[[ AVAILABLE DATA open ]]

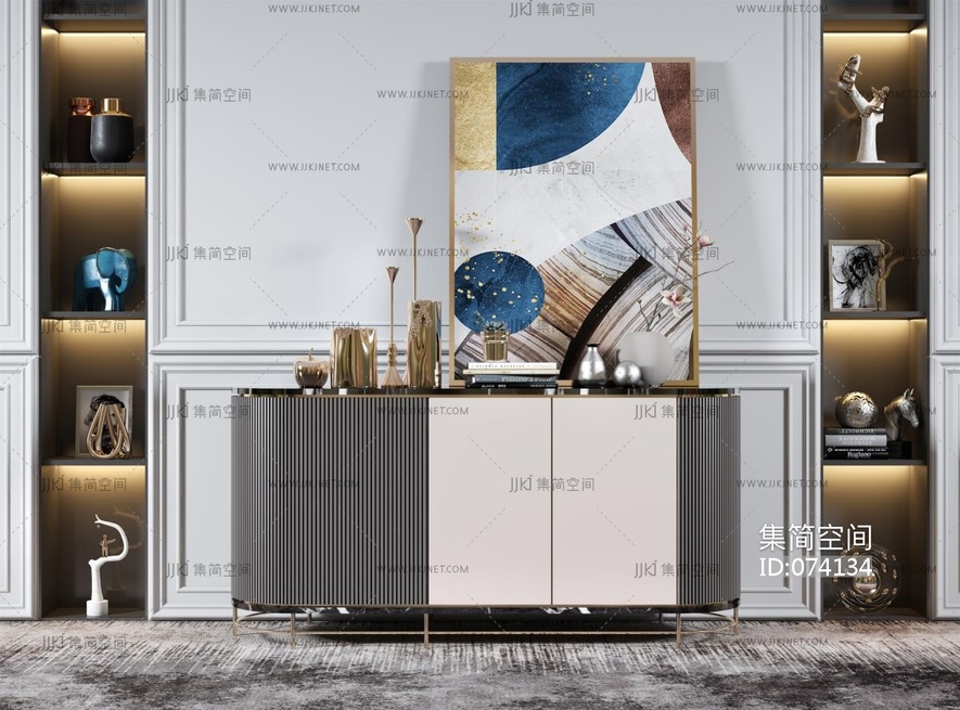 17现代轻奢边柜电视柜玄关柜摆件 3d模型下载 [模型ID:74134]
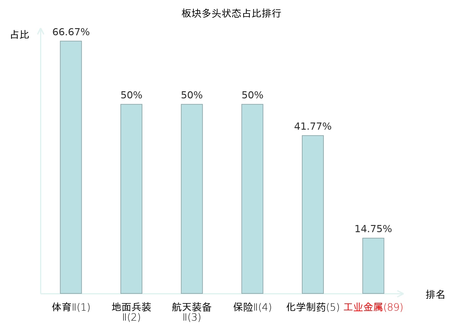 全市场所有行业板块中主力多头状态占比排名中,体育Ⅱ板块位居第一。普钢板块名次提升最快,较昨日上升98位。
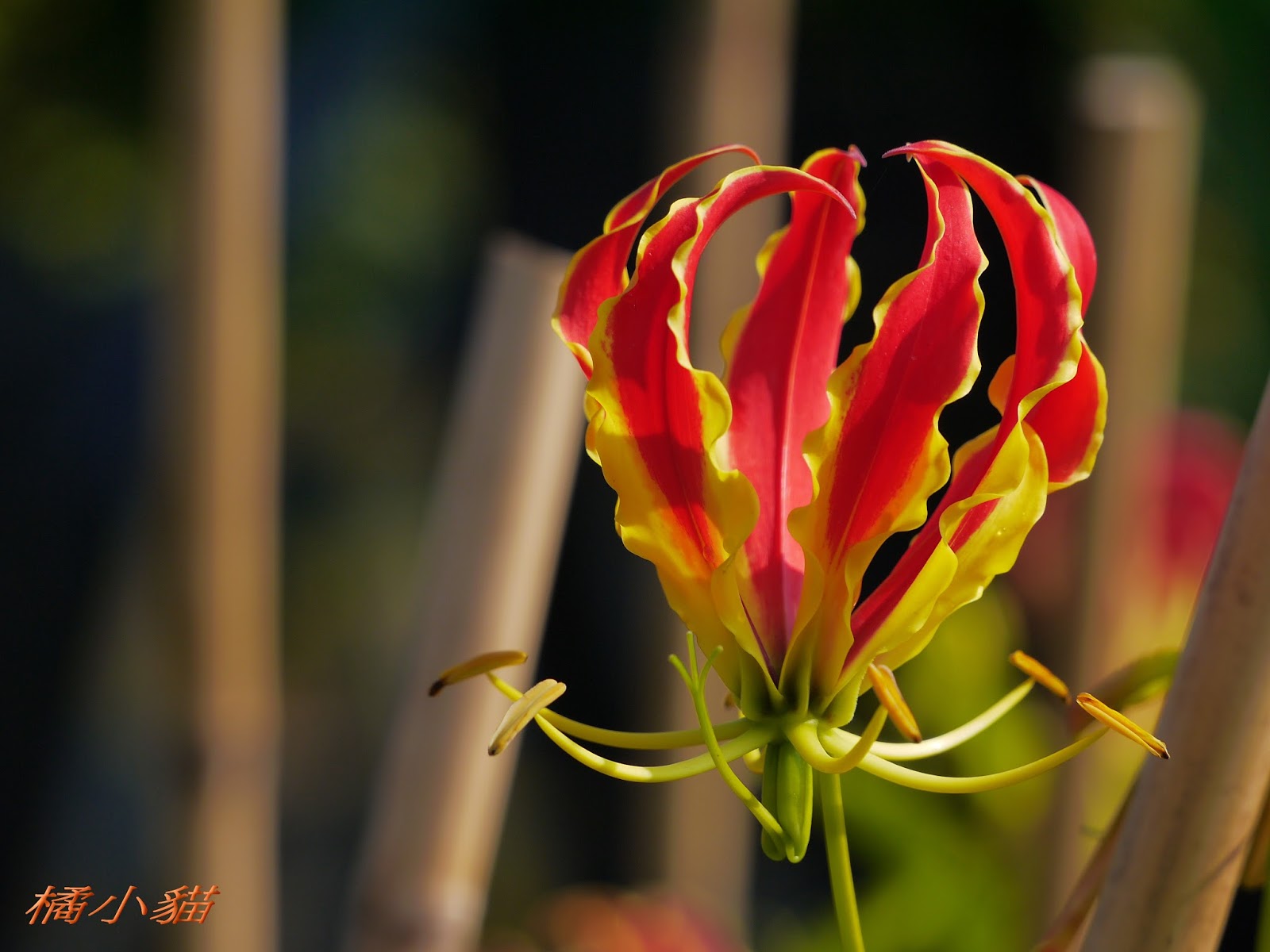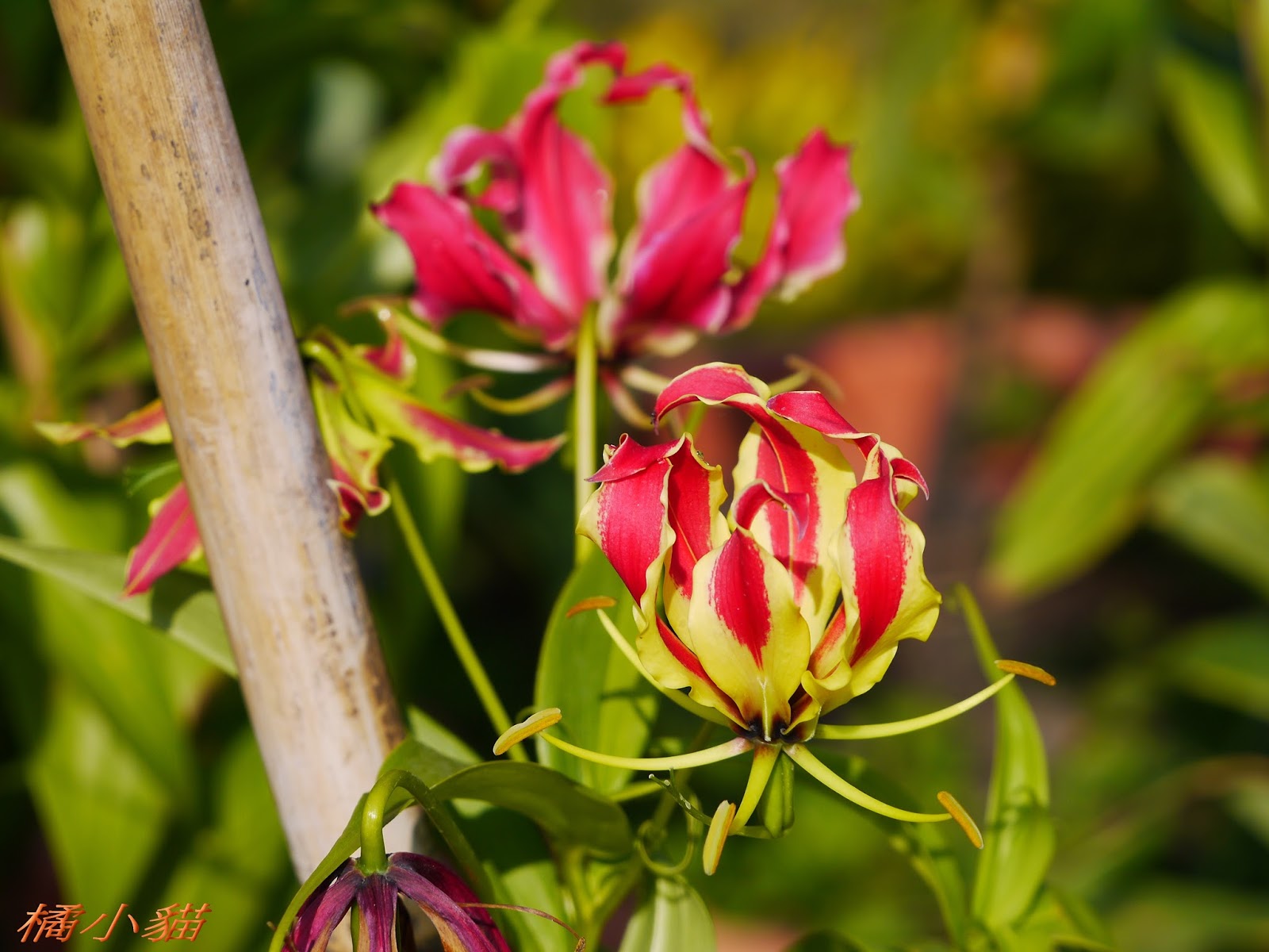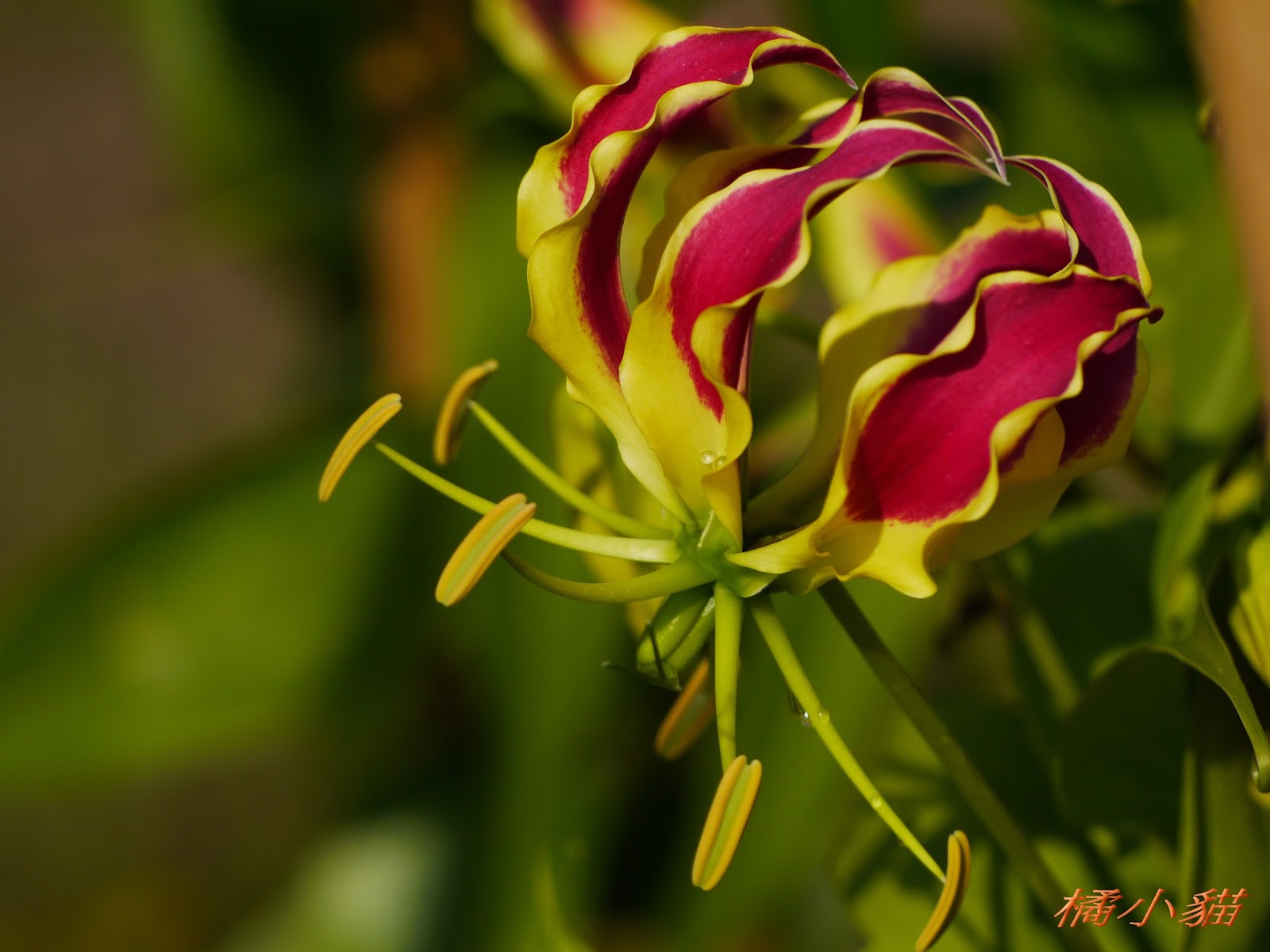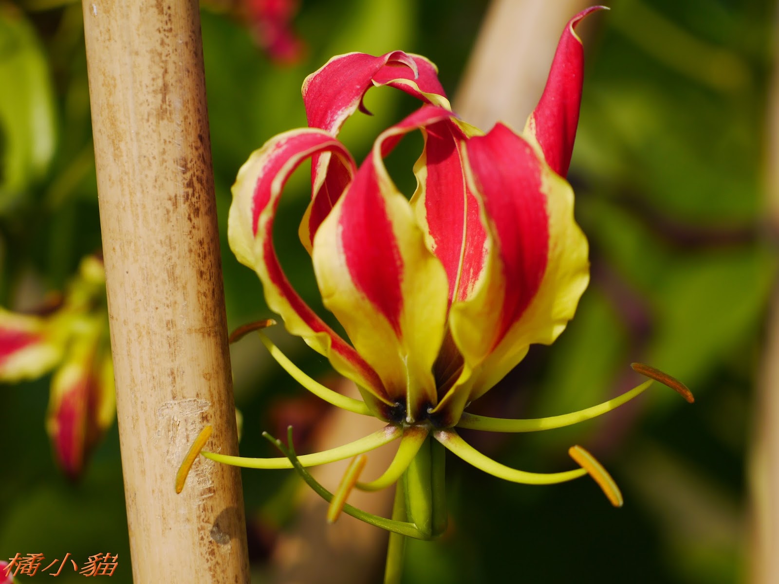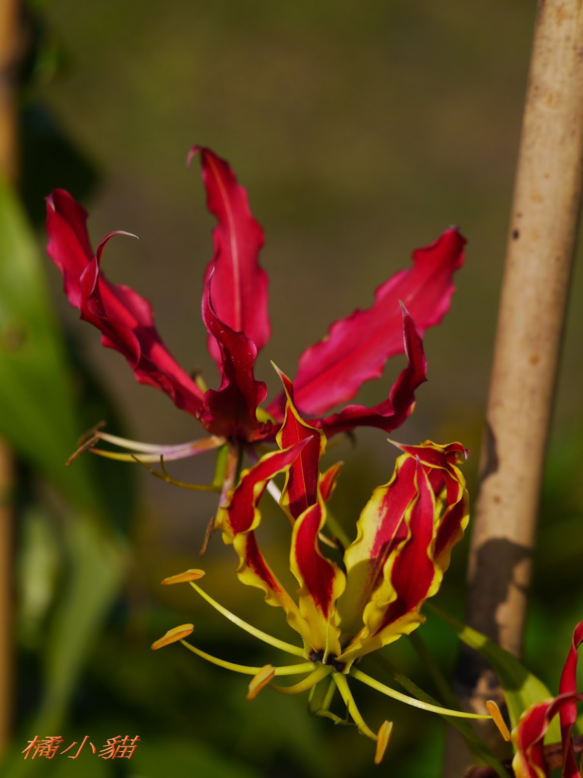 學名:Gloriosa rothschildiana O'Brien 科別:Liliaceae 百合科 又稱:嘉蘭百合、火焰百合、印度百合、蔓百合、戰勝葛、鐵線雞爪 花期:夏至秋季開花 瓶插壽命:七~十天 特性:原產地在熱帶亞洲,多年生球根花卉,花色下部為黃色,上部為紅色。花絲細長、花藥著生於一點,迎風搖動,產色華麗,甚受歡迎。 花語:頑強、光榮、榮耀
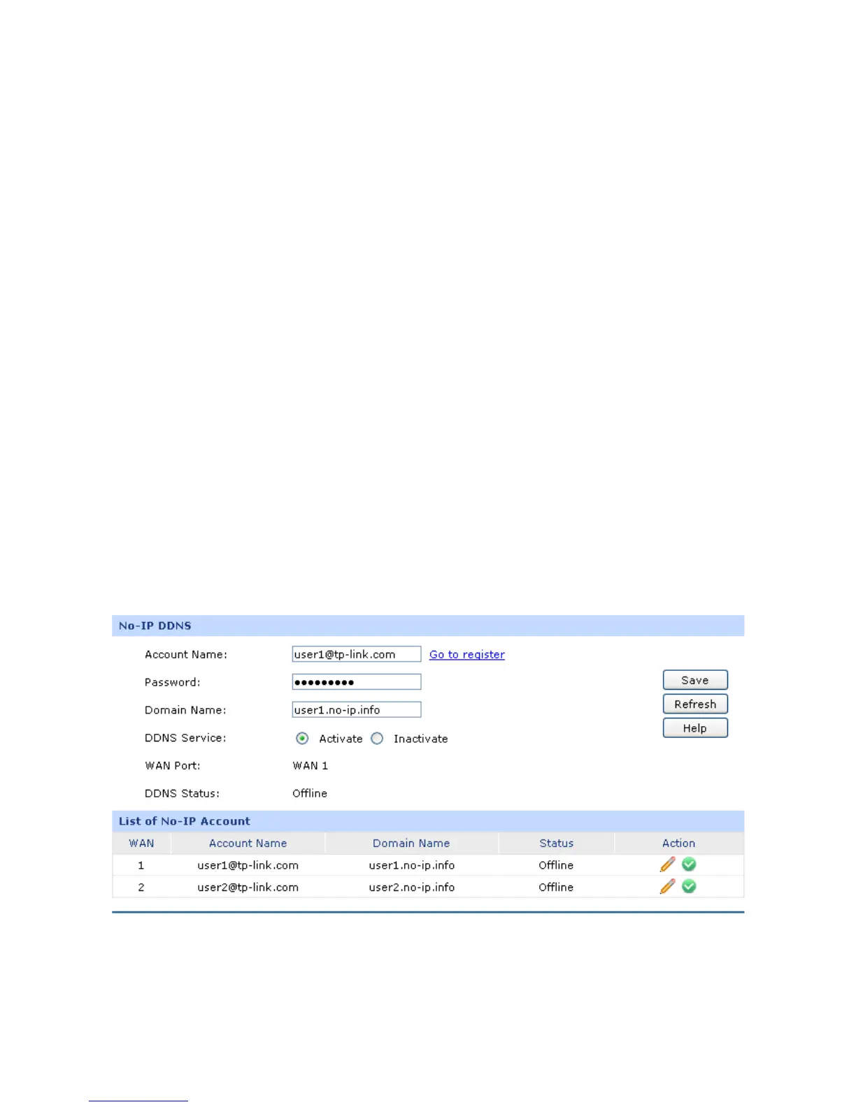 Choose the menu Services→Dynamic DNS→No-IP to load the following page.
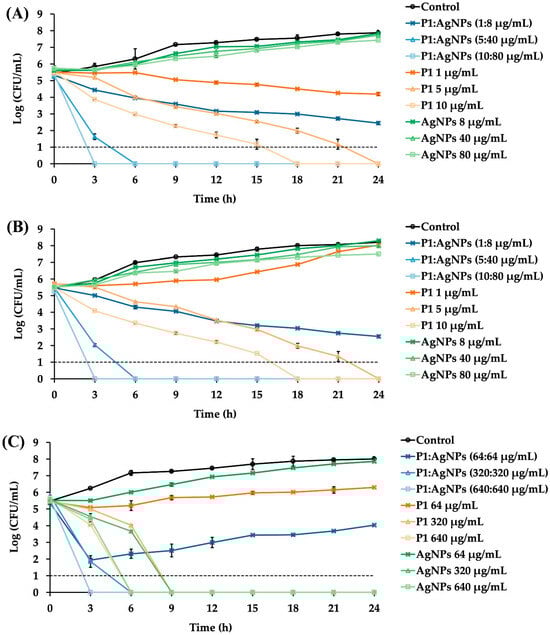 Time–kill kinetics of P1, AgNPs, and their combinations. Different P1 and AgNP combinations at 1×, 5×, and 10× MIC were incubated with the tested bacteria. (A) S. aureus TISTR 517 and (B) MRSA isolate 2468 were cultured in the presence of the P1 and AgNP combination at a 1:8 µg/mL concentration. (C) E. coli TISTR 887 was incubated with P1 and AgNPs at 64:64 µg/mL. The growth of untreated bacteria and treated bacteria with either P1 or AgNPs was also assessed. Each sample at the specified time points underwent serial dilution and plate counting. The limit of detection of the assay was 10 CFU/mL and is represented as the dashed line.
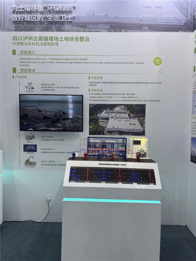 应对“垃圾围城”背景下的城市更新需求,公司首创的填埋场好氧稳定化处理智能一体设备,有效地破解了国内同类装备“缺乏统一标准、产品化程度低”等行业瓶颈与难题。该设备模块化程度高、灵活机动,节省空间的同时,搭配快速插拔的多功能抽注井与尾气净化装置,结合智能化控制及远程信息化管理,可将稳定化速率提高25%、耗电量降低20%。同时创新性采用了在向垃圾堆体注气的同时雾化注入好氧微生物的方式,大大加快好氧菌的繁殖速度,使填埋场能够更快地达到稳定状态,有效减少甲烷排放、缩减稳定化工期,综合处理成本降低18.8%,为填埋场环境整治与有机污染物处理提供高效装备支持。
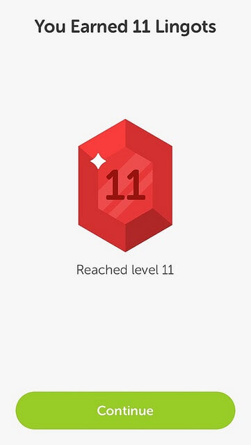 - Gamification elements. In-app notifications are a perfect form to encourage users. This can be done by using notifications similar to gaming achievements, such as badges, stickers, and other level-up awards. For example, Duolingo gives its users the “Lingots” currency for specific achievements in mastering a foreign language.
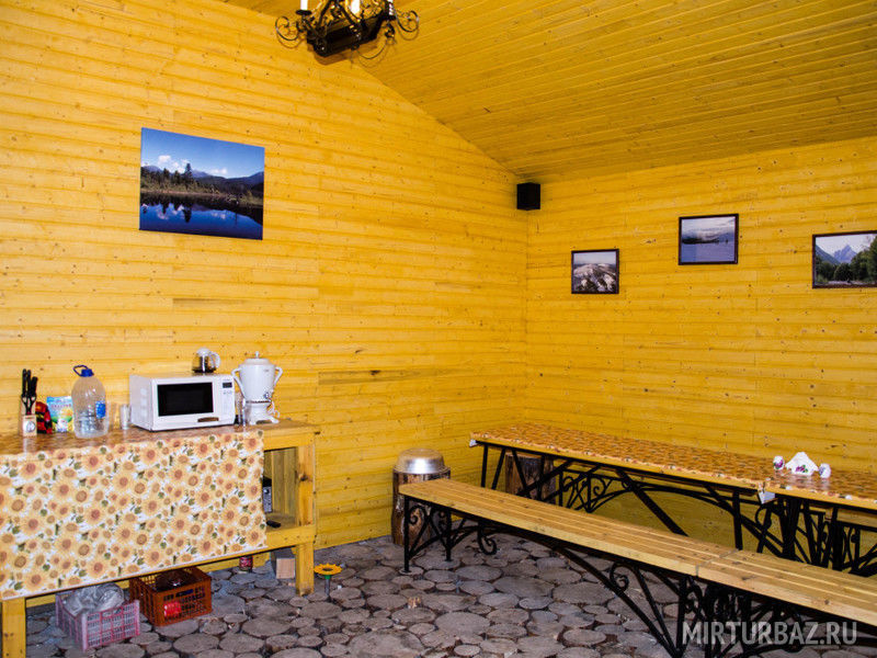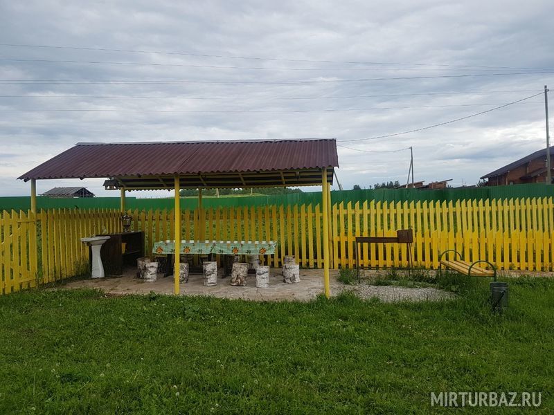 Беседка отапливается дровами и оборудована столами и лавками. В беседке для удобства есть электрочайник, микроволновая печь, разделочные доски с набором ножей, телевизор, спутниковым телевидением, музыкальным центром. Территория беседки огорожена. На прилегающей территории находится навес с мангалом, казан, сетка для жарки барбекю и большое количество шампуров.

[[ AVAILABLE DATA closed ]]

- [REQUIRED ACTION]
The stretch above running from the line with "學名:Gloriosa rothschildiana O'Brien" through the line with "Choose the menu" is all you should copy, exactly, leaving out the pictures.

- [TASK ANSWER]
 學名:Gloriosa rothschildiana O'Brien 科別:Liliaceae 百合科 又稱:嘉蘭百合、火焰百合、印度百合、蔓百合、戰勝葛、鐵線雞爪 花期:夏至秋季開花 瓶插壽命:七~十天 特性:原產地在熱帶亞洲,多年生球根花卉,花色下部為黃色,上部為紅色。花絲細長、花藥著生於一點,迎風搖動,產色華麗,甚受歡迎。 花語:頑強、光榮、榮耀
 Choose the menu Services→Dynamic DNS→No-IP to load the following page.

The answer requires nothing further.